As in many cities holding sister events including Atlanta, Chicago and Los Angeles, participation in the Washington March far exceeded projections. Some 200,000 were expected. Many more arrived. Citing an exact attendance is difficult, but the Washington Metropolitan Area Transit Authority report of 1,001,613 entries onto trains Saturday suggests at least a half million people attended. That ridership represents the second highest in the 40-year history of the transit system, slightly behind Barack Obama’s first inauguration day in 2009.

The impenetrable crowds reduced the march to a crawl, and the glittering roster of celebrity speakers and the main stage were tiny dots in the distance for most marchers who couldn’t thread their way any closer. (Familiar exchange: “Where does the march start?” “No idea.”)

Waiting was the order of the day. More than 125 marchers lined up at a set of port-a-potties. Veterans of mass marches brought their own toilet paper, dispensing it to the less prepared. A coffee shop suggested by Capitol police as out of the mainstream still had 47 marchers in line for lattes. Hot dog stands sold out of pretzels before noon.

Still, marchers remained cheerful, even as they struggled to keep track of one another and catch a glimpse of speakers. “We had a chain of nine people, four moms and five daughters,” said Carolyn Munson of Decatur. “We never let go. People were very respectful and allowed us to hang on and stay together. We could see a bit from far away, but the screen was clear. I was screaming with joy when the Indigo Girls were in the house. Janelle Monae brought tears to our eyes when talking about Black Lives Matter with the mothers of victims right beside her.”

“I stood among 700,000 strangers shoulder to shoulder, sandwiched in like sardines, celebrating our diversity and united as one in spirit,” said DeKalb teacher Holly Lanford, who considered the march a wake-up call to return to Georgia and fight for change. Her first action: Urging Congress to vote “no” to Michigan billionaire Betsy Devos’ nomination to lead the Education Department. A banner stating “Betsy DeVos is no Betsy Ross” drew frequent applause.

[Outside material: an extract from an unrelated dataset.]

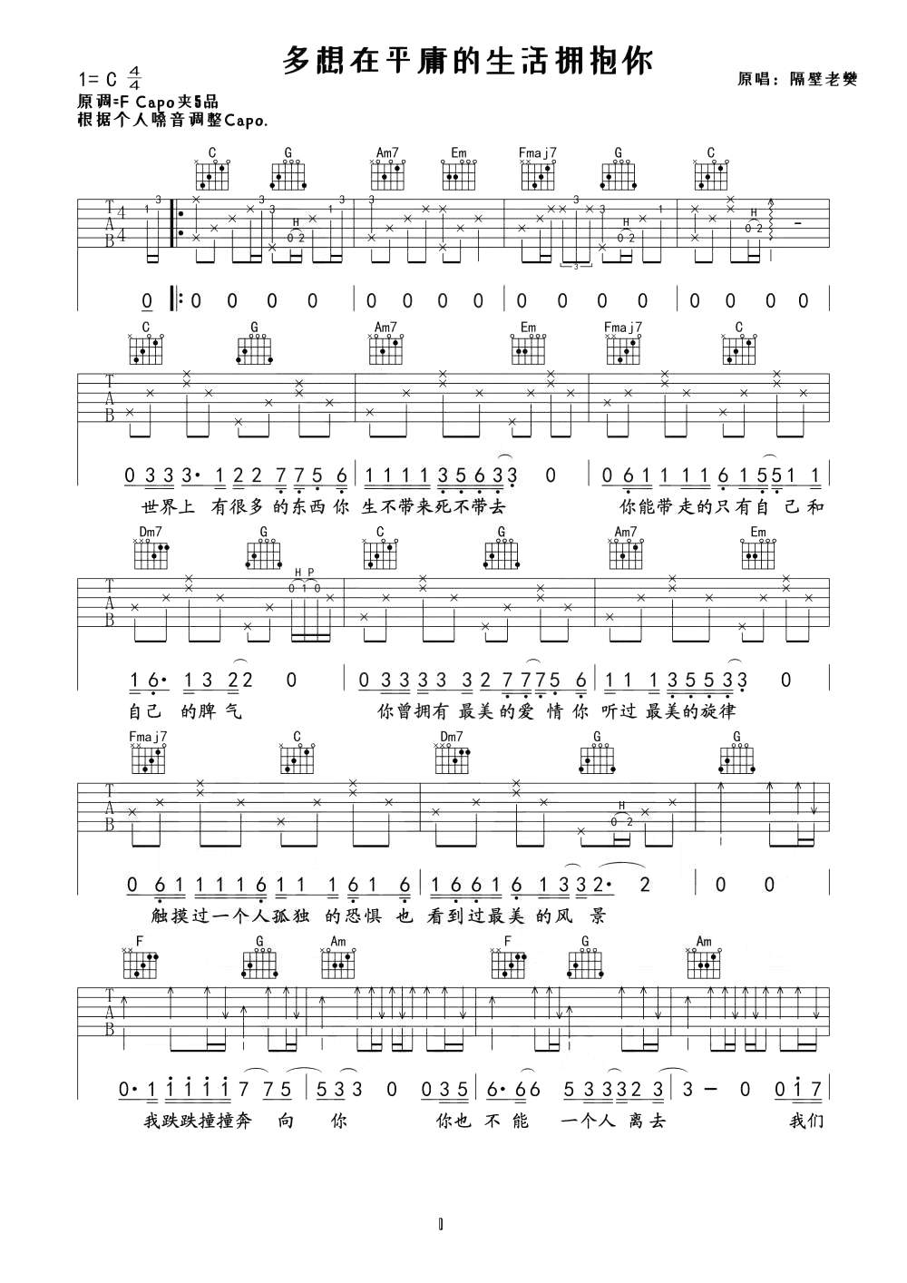 徐佳豪/隔壁老樊《多想在平庸的生活拥抱你》吉他谱,共有2张高清图谱,免翻页排版设计。...

No arrests were reported, and both marchers and security praised one another. “A female National Guard member shook our hands, thanked us for coming to D.C. to march and told us how proud she was to be participating in the event in her way,” said Janet Tomko of Buckhead. “She was from West Virginia and has a brother who is gay and recently adopted a child with his husband. She asked us to march for her and for her brother and his family. We were proud to continue our march on her behalf,” said Tomko, who attended with her two teenage daughters and three other mother-daughter combos via Skedaddle Bus #2 out of Atlanta.

Cary Walker of Atlanta planned to go to Washington with her children to watch the inauguration of the first woman president. “Instead, I was compelled to go to march for their future. To me this was not about losing a race but losing our sense of who we are as a country and a community,” she said. “I saw people carrying signs and chanting their support for all kinds of people: women, people of color, immigrants, Muslims, the poor, the sick even if that didn’t necessarily reflect their own identity. I felt an amazing sense of community with people I didn’t know but who seemed to share many common values.”

Lyndsay Arrendale, state administrator for the Georgia chapter of the march, expressed delighted with the Peach State’s performance. “Our showing is proof that despite what Trump thinks about our Georgian cities ‘falling apart,’ we stood together in complete solidarity and strength as we peaceably assembled in Washington.”

One of the first Atlantans to sign up for a Washington-bound bus, Debra Aring of East Point said, “As I marched yesterday, there was little doubt in my mind that this event would turn into a movement. I know I’m not alone and I join with countless other women who are ready to do the work at hand. We have an obligation to speak truth to crazy. That started Saturday and it won’t stop.”